Agile is not just about software

agile not just software delivery

We all know the stories about agile failures. About things like Flaccid Scrum, Cargo Cult Agile, and all the others. We all hear the tales of micromanaging PMP-certificate wielding “scrum-masters”, absentee-landlord product owners, and merciless stakeholders. What’s gone wrong? A few things. But mainly, organisations are signing up to Agile for the wrong reasons, and they’re not making the right changes. They’re trying to get away with the least possible disruption: just changing the way software development work is structured. Agile is about software development. But Agile is also about much more than that. It requires changes to the entire organisation.

Companies see IT as a weird separate function

The traditional view of IT is that it is a weird specialist engineering function, separate from the rest of the organisation, and very separate indeed from anyone in the “business”. Those people have jobs that involve understanding customers, and business, and money and making more money. And what do engineers know about that? Nothing! They’re just a bunch of nerds, right? We should just use our business smarts to figure out what to build, and then tell them to build it, and wait until it’s finished, right?

If that is the company’s attitude, they may as well just go all the way. Sack all the IT people, and hire some overpriced vendor or agency. Then we can all pay through the nose, get something nobody wanted, and bring in the lawyers and argue over contracts like the good old days in the 90s.

This view is, of course, a profoundly stupid way of looking at technology. We are now living in the 21st century. IT has become a fundamental part of how all firms operate and interact with customers (and suppliers, partners, and so on). Business and technology need to work together. They can’t be at an arms’ length from each other anymore. In fact, we need to disolve the distinction between business and IT altogether. And we need to start applying Agile principles to not just the way we build software, but the way we run businesses.

Times have changed

We all know times have changed. We live in a completely different world than the one we lived in 30 years ago, let alone the one we lived in 90 years ago. But we still structure organisations, manage projects, choose strategies, hire and reward people, draw up budgets and fund work the same way we did 90 years ago. The days of scientific management need to be resigned to the dustbin of history.

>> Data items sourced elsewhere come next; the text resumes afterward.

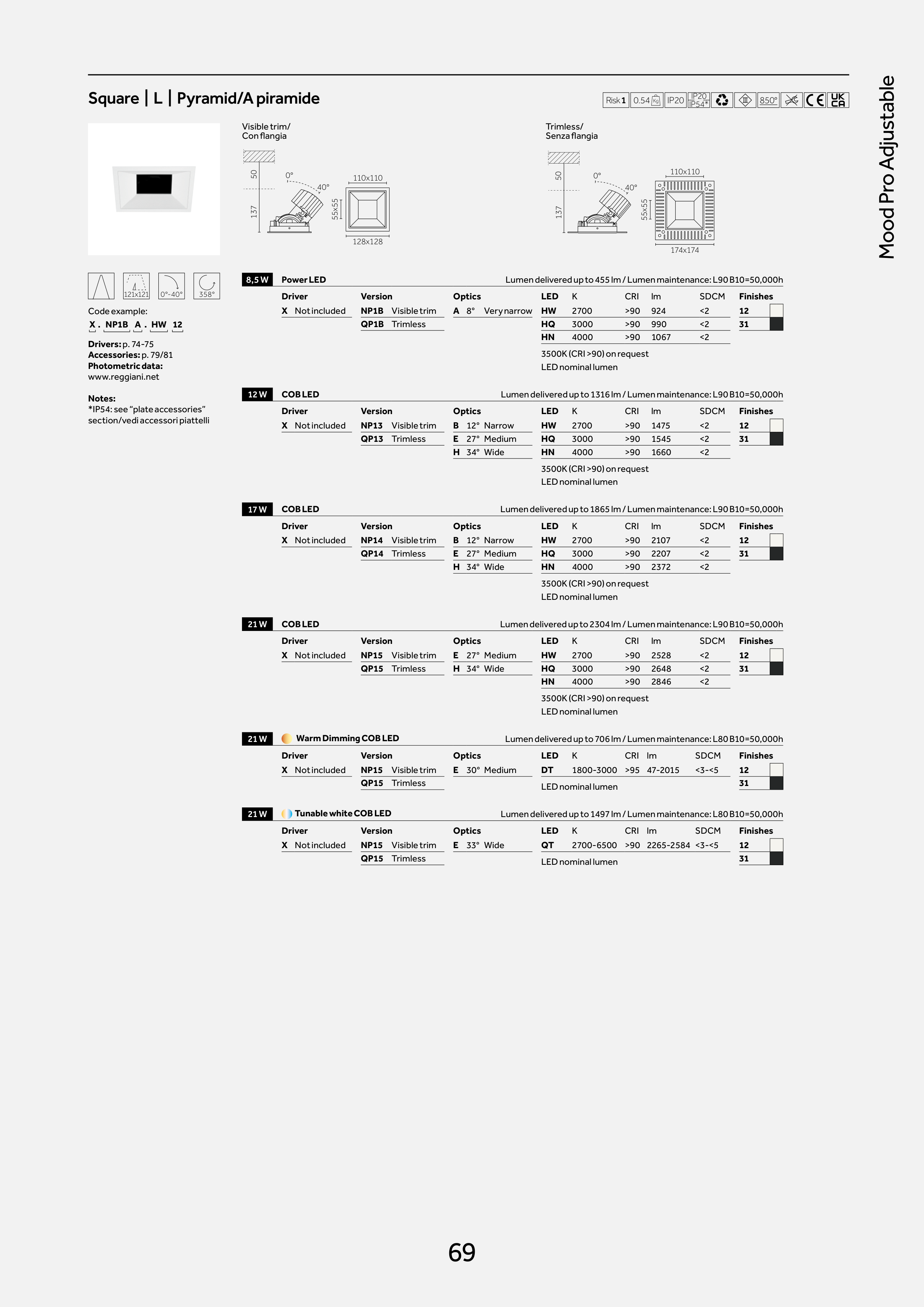 Lumen delivered up to 2304 lm / Lumen maintenance: L90 B10=50,000h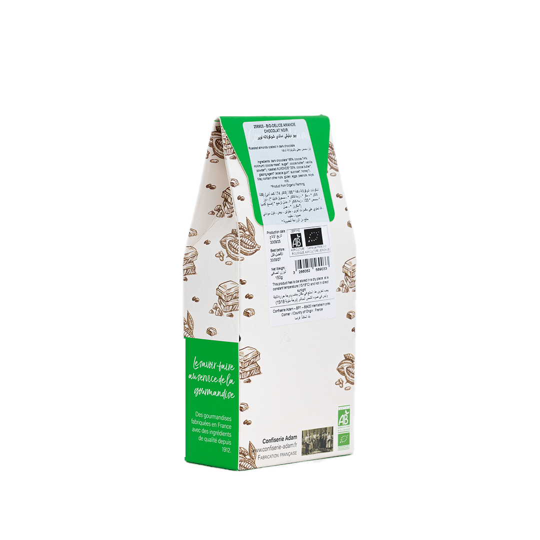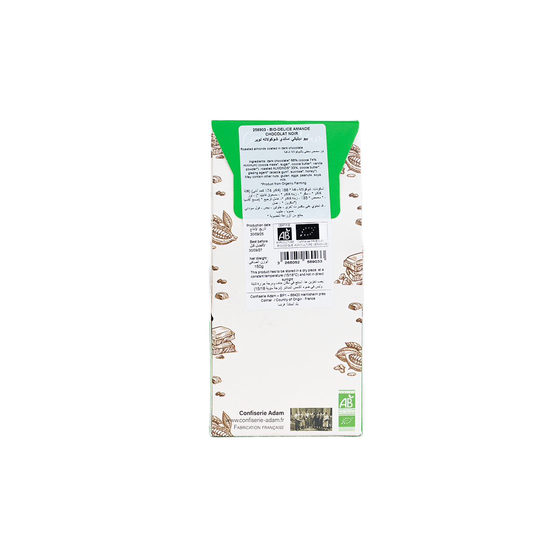 لوز محمص عضوي مغطى بالشوكولاتة الداكنة 150 جرام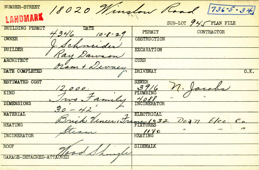 18020 Winslow Road Shaker Heights, OH 44122 PARCEL ID: 736-05-034 Building Permit Date: 10-08-1929 Plan File Number: 0 Neighborhood: Lomond Owner: Schneider, J. Builder: Dawson, Ray Architect: Oram and Devney Estimated Cost: 12000 Kind: Duplex or Two-Family Material: Brick Veneer and Frame Heating: Steam Roof: Wood Shingle |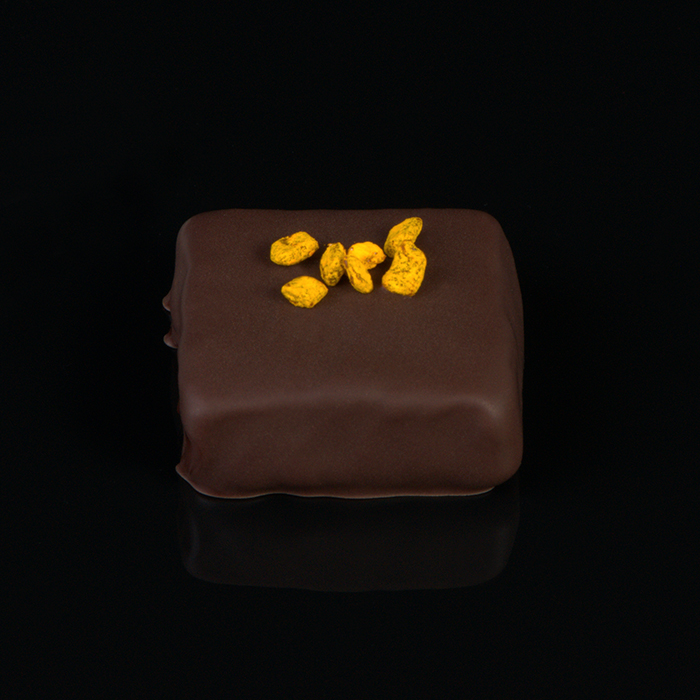 Mleczna czekolada połączona z marakują oraz karmelizowanym cukrem, całość otoczona czekoladą deserową.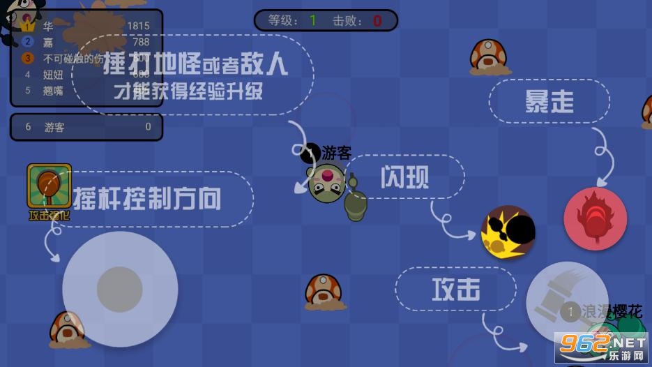 粉碎地图上蘑菇和红头怪可以增加自己的能量用来粉碎更大的东西,争取让你的锤子拥有强悍的力量!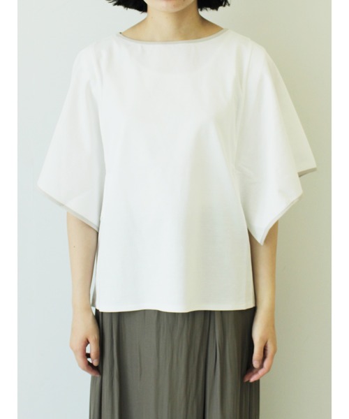 ふんわりと広がるフレアスリーブが可愛らしいプルオーバー。配色パイピングが引き締めポイントに。広めのネックラインが女性らしい首元を演出し、抜け感のある着こなしを後押ししてくれます。シックなカラーが大人っぽく、ゆったりとしたシルエットで体型カバーしてくれるおすすめのアイテムです。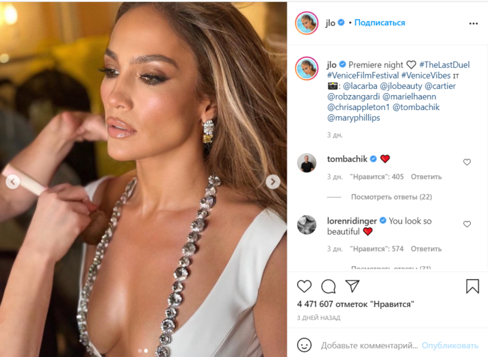 Раскрыт секрет роскошного платья Лопес на кинофестивале в Венеции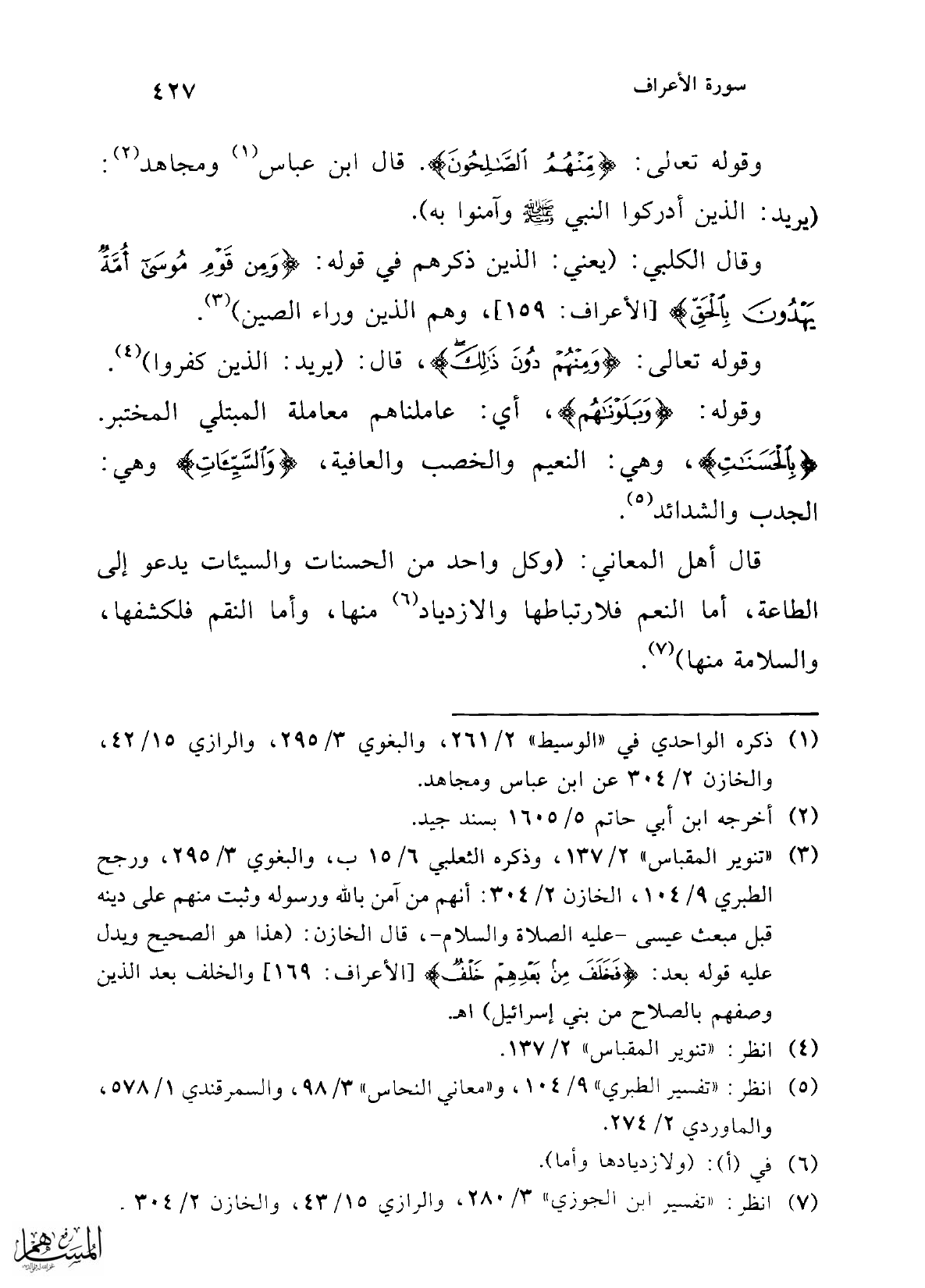 (¬3) "تنوير المقباس" 2/ 137، وذكره الثعلبي 6/ 15 ب، والبغوي 3/ 295، ورجح الطبري 9/ 104، الخازن 2/ 304: أنهم من آمن بالله ورسوله وثبت منهم على دينه قبل مبعث عيسى -عليه الصلاة والسلام -، قال الخارن: (هذا هو الصحيح ويدل عليه قوله بعد: {فَخَلَفَ مِنْ بَعْدِهِمْ خَلْفٌ} [الأعراف:169] والخلف بعد الذين وصفهم بالصلاح من بني إسرائيل) اهـ.

Everyone needs to recognise these (whether they like them or not):

  • Almost all of the valuable work people do now (in developed economies) is creative, collaborative knowledge-based work
  • Building software is not a repeatable manufacturing process, it is a bespoke creative design process
  • We live in a globalised economy with almost no barriers to the movement of ideas, people and money
  • Technological change is disrupting not just companies but entire industries, sometimes in just a handful of years
  • Time to market and customer value trump all (ALL) other metrics or priorities.

If you don’t get with the times, you will be disrupted and obliterated. It’s that simple.

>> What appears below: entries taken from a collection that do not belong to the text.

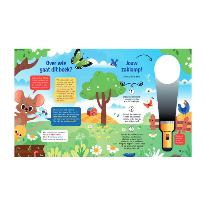 Muisje Bikkel zoekt een plek om lekker te slapen. Hij komt terecht op een boerderij. Maar het is nog niet zo gemakkelijk om daar een rustig plekje te vinden! Haal de kartonnen zaklamp uit dit boek en ga op zoek!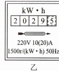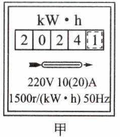 12. [物理学与日常生活]李老师出差时恰逢抄表日,家中电能表的示数如图甲所示,出差返回时发现家中有一盏$15W$的台灯亮着,检查其他电器发现在出差时均已切断电源,再查看电能表,示数如图乙所示,则这盏台灯消耗的电能为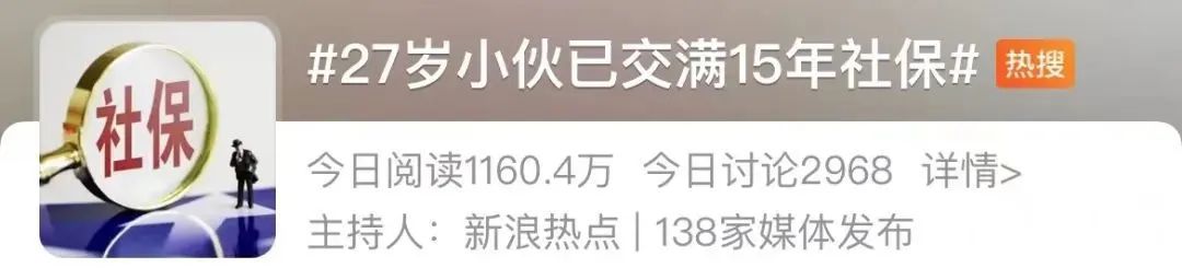 近期,“27岁小伙已交满15年社保”登上热搜,引发关注。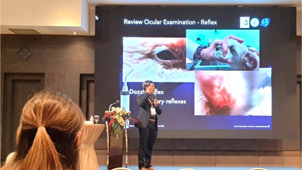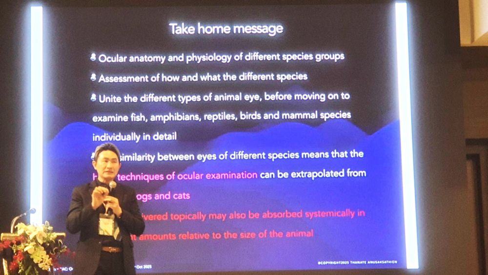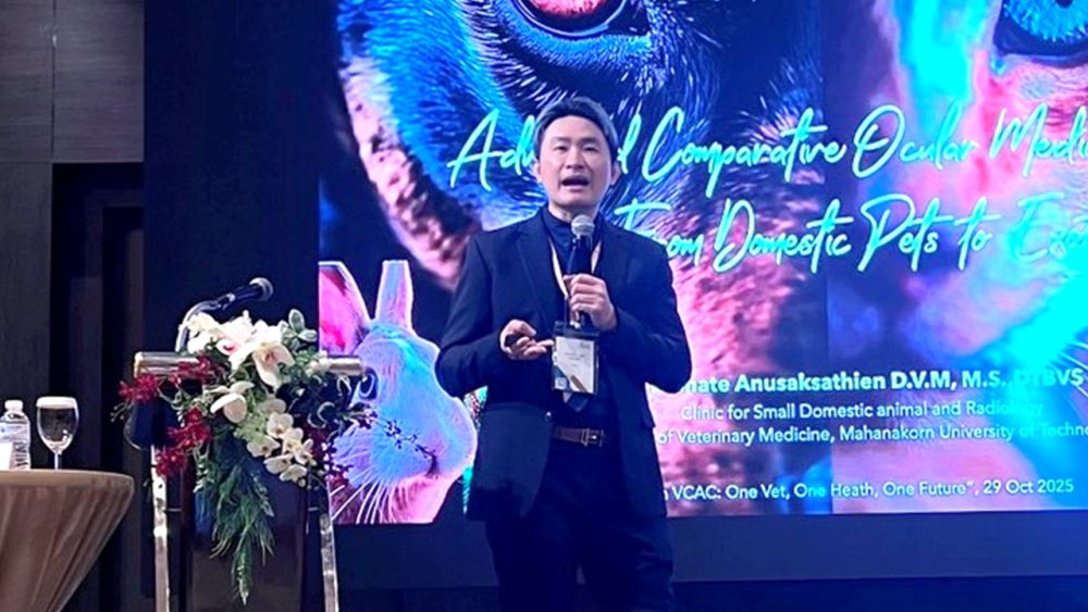 เมื่อวันพุธที่ 29 ตุลาคม 2568 อาจารย์ น.สพ.ธาเนศ อนุศักดิ์เสถียร (อว.สพ. ศัลยศาสตร์) อาจารย์ประจำคลินิกสัตว์เลี้ยงขนาดเล็กและรังสีวิทยา คณะสัตวแพทยศาสตร์ มหาวิทยาลัยเทคโนโลยีมหานคร ได้รับเกียรติเชิญเป็นวิทยากรบรรยาย เรื่อง “Advanced Comparative Ocular Medicine: From Domestic Pets to Exotic Species” งานประชุมใหญ่สัตวแพทยสภา ครั้งที่ 14 ประจำปี พ.ศ. 2568 ณ ศูนย์ประชุมอิมแพ็ค ฟอรั่ม เมืองทองธานี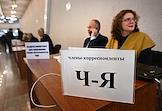 Общее собрание академиков Российской академии наук (РАН), посвященное выборам президента РАН, в Большом зале РАН. Жанровая фотография. Место регистрации членов РАН перед началом выборов.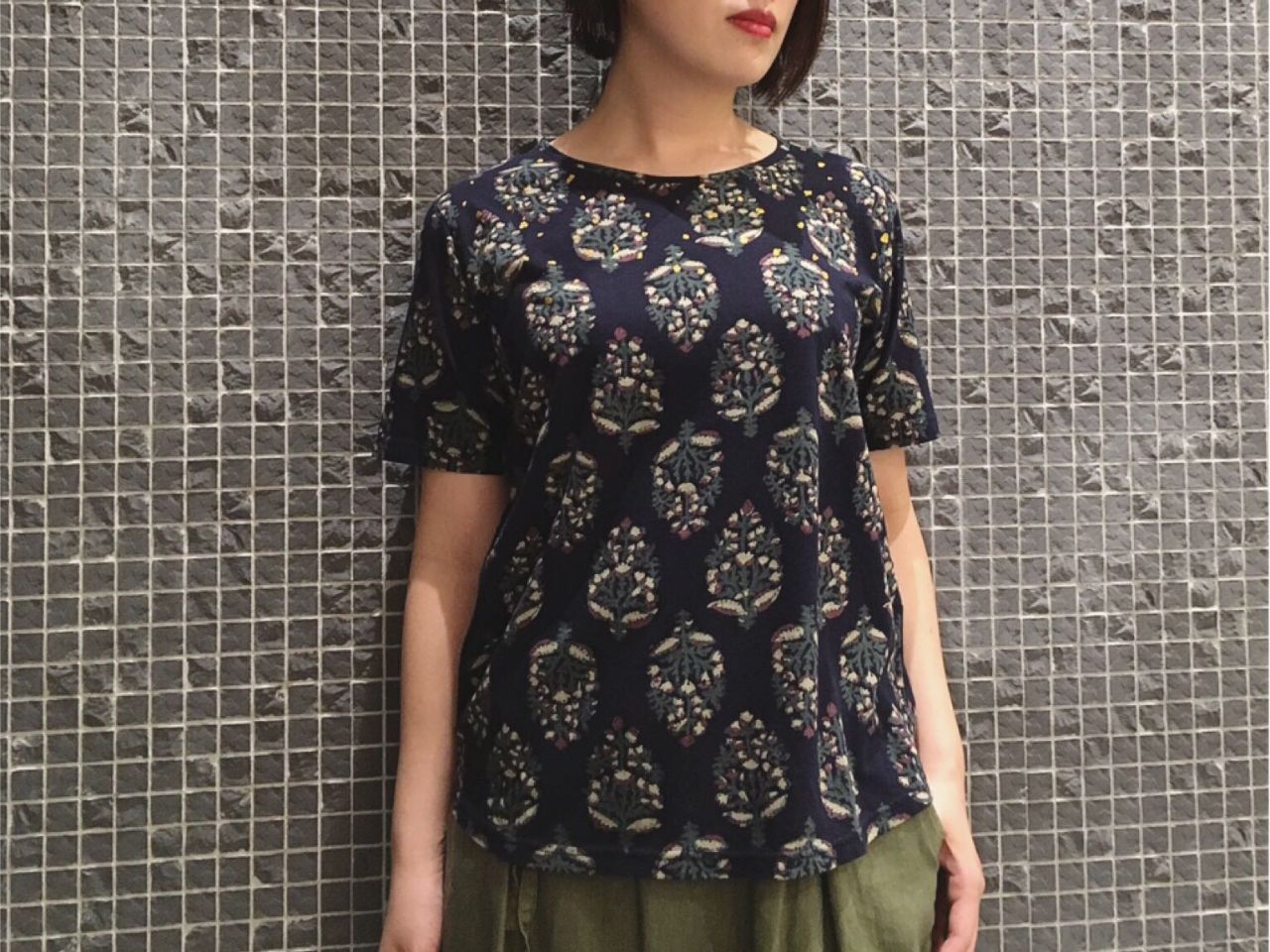 ブロックプリント風半袖プルオーバー

We need to change the way organisations work

And the values and principles of the Agile manifesto are a great starting point for doing that. Why? Because they focus on time to market and delighting customers. Not stakeholders: customers. The job of a traditional product lead or project manager is to “make the stakeholders happy”. The problem is this.

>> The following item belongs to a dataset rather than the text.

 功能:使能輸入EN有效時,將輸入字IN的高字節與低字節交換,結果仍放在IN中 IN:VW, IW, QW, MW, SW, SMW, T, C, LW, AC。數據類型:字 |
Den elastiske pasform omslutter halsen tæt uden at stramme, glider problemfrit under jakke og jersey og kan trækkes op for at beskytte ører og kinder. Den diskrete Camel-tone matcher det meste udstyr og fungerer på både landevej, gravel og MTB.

Stakeholders don’t make or break the company, customers do. And stakeholders rarely know what customers want. Product owners often don’t either, which is why you need to release software as quick as you can and watch what they do and find out what they want.

We need empowered self-organised teams

Contrary to popular belief, the US military is not a shining example of a big hierarchical organisation with strict chains of command. They’re smart and they know that doesn’t work in the chaos of war. They follow the principles of Auftragstaktik or “mission command“. Form many small units of smart empowered cross-functional teams, give them some high-level objectives. Then give them the freedom to adapt to their situation and find the best way to get the job done.

Putting layers of governance and bureaucracy around people means that decisions won’t get made and work won’t get done in time. Which spells death. Usually a slow one, but these days, more of a fast one.

There are simple ways to enable a fast and focused team without layers of management: the XSCALE patterns around Product Squads and Leadership As A Service.

We need to treat people with respect

No more treating technology people as strange nerds to be mistrusted and micro-managed. We need to hire really good people and reward them appropriately. Not by dangling fat bonuses in front of them, tied to stupid KPIs, but by giving them freedom, autonomy, and buy-in to the project and the value they are delivering. Trust people, give them all the tools they need to get their job done, pay them what they’re worth, and get the hell out of their way. That’s the “secret” to management. I just saved you three years and $50,000 so you don’t have to get an MBA.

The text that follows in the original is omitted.